For me my balding is now a purely cosmetic aesthetic issue. I am horseshoe bald. I can't live with the horseshoe because it looks awful. And I also can't wear wigs because of future career. So I need to find a solution to get rid of the horseshoe ring. There's gotta be something I can do.
Inflammation is implicated in heart disease, it's not the organ it's the thing causing the organ to fail.
Poor overall health is not the cause, it's a symptom, find the cause, in my case hormones are all fucked up and they need to be straightened out and I have to take metformin for insulin resistance, which I'll repeat here, lowers IGF-1 and DHEA and insulin.
How many people know that insulin can cause oily skin and acne? How many? It is now my hypothesis that many young teens who have a really rough time physically transitioning through puberty almost experience a syndrome in a similar nature to what women experience sometimes during pregnancy, such as gestational diabetes, only you also have your pituitary and adrenals going apeshit as well.

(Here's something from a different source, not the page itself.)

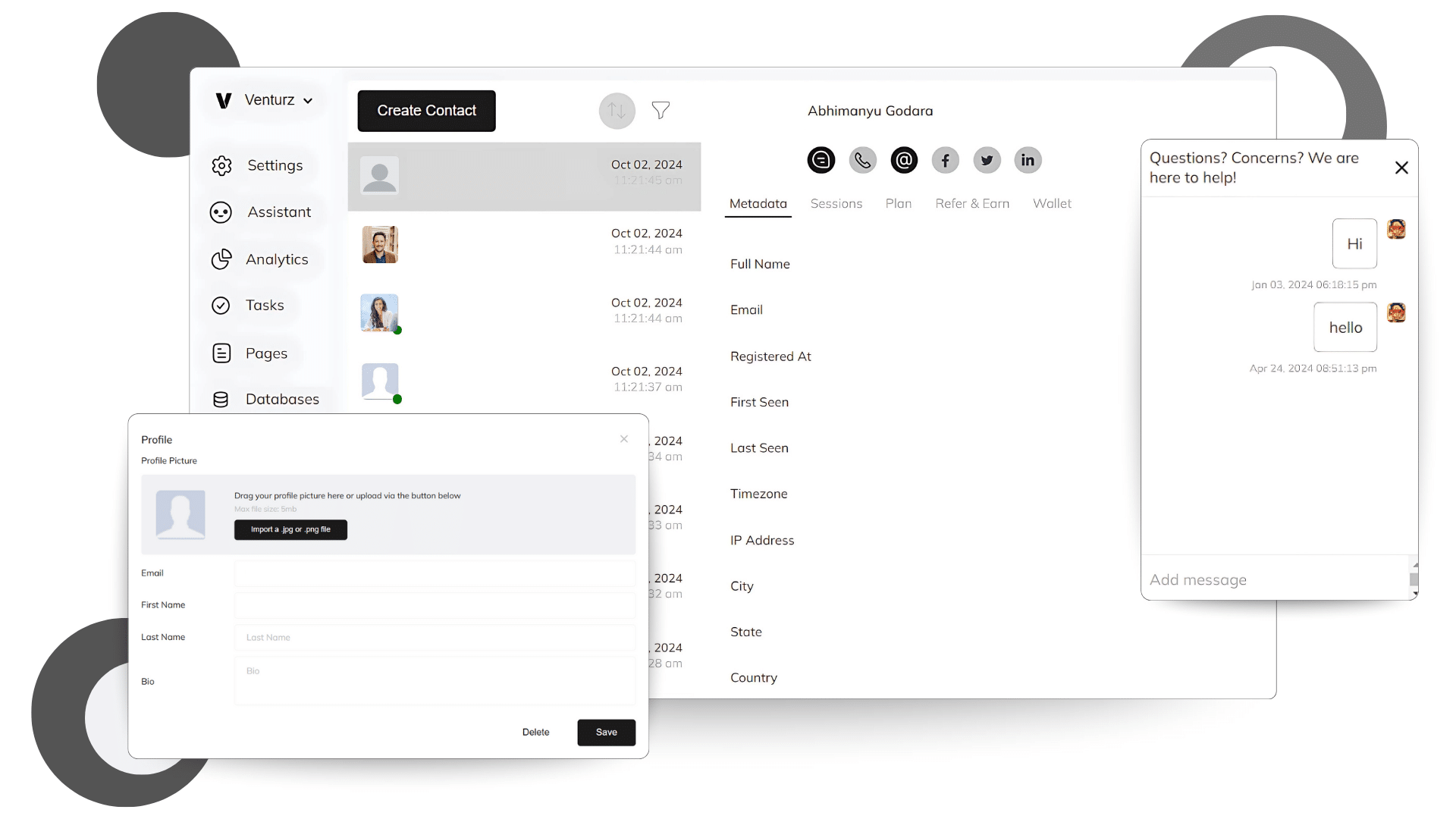 - AI Assistant: From content creation to data analysis, Venturz gives you a virtual sidekick to move faster.

People who think "testosterone is high when you're young thus it must mean your follicles are being eroded or some sh*t", no, young people usually have more estrogen to balance out the testosterone, and most of the time when teens are oily with bad skin and acne, I'm thinking now it has way more to do with excessively high IGF-1, and other pituitary and adrenal hormones. The reason why the hair is resilient is because young men tend to aromatize way more testosterone into estrogen.
Look at a lot of young men on youtube who stream, those are the faces influenced by the hormone estrogen, they may have testosterone at increased levels but a lot of estrogen as well, it doesn't always mean you're going to have gyno and be fat, I had no noticeable sides from having much higher estrogen back in my 30s than now save for that my skin and facial collagen was higher.
People are looking at hair loss all wrong, we've been taught by stupid boomer doctors to mythologize causes with vague terms and people internalize that nonsense because virtually no research is being applied toward discerning these things because there's absolutely ZERO money involved in coming to a conclusion that a particular disorder could be cured by an existing treatment which cannot be monetized.
This is the nature of modern research in almost all things now, it's a slow moving behemoth which only lurches itself into action at a glacial pace due to many things not the least of which involves liability, overhead and regulations.